Anschlag auf Chakuza

Es scheint so, als würde die Attentatserie, auf in Deutschland erfolgreiche Rapper, nicht abreißen. Nun erreichte uns auch die Meldung, dass Chakuza, das ersguterjunge-Signing aus Österrreich,  am  letzten Donnerstag Opfer eines Anschlags wurde. Dieser Anschlag wurde zwar nicht mit Pistolen oder Messern verübt,  Chakuza wurde dabei aber trotzdem schwer verletzt. Hamadi, ein persönlicher Freund Chakuzas und Chef des Produzententeams Beatlefield, sprach in einer exklusiven Stellungnahme mit rap.de über den Tathergang.

„Wir waren auf einer Party und Chakuza ist gerade mit einem Kumpel nach unten gegangen. Anscheinend hat jemand Chakuza dann von hinten geschubst, sodass dieser die letzten 15 Stufen nach unten geflogen ist und mit dem Kopf aufgeschlagen ist. Sein Kumpel ist erstmal zu ihm hingerannt und hat sich um ihn gekümmert. Als ich 40 Sekunden später nachgekommen bin, war das Treppenhaus bereits leer. Chakuza kann sich sowieso an nichts mehr erinnern, dem Fehlen die letzten 20 Minuten vor dem Sturz. Chakuza hat auf jeden Fall gekotzt und wirres Zeug geredet, deshalb haben wir ihn ins Krankenhaus gebracht. Da wurde er dann geröntgt, die Ärzte haben aber gesagt, dass wäre nur ein Bänderriss und haben ihn nach Huase geschickt. Er ist dann nach Linz zu seiner Familie gefahren, die Schmerzen sind da aber immer schlimmer geworden. Deshalb ist er dann da nochmal ins Krankenhaus gebracht worden, wo ihm die Ärzte gesagt haben, dass er einen Trümmerbruch habe und notoperiert werden müsse.

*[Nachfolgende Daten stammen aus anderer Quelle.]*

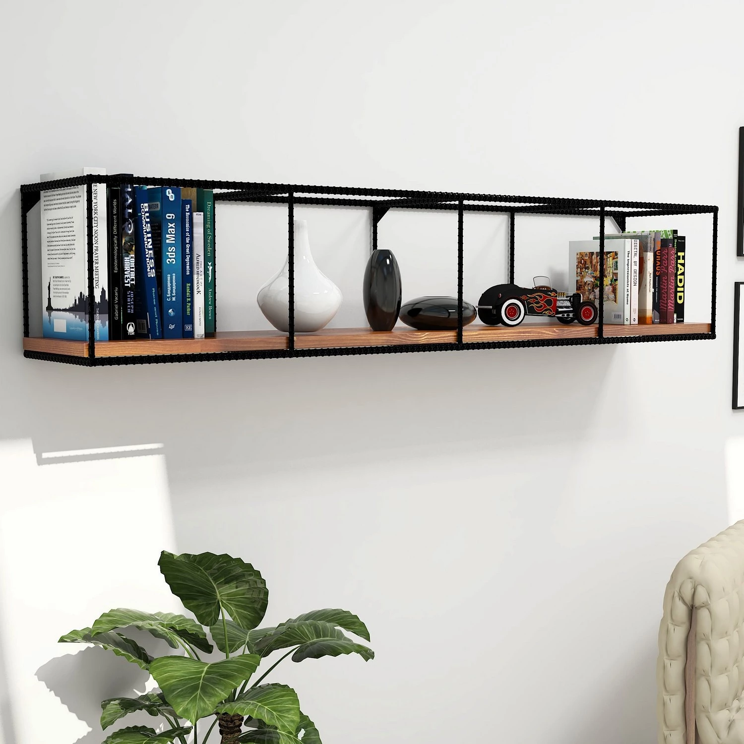 - Étagère : pin massif verni

Das ging aber nicht mehr, weil sein Fuß schon zu sehr angeschwollen war. Die mussten den erstmal abschwellen lassen, weil der Knöchel so abgesplittert war. Chakuza ist jetzt aber wieder raus und erholt sich.

Wer den Anschlag verübt hat oder ob es sich doch um einen unglücklichen Unfall mit Fremdverschulden handelt, ist nicht klar, wir wünschen dem Wahlberliner auf jeden Fall gute Besserung.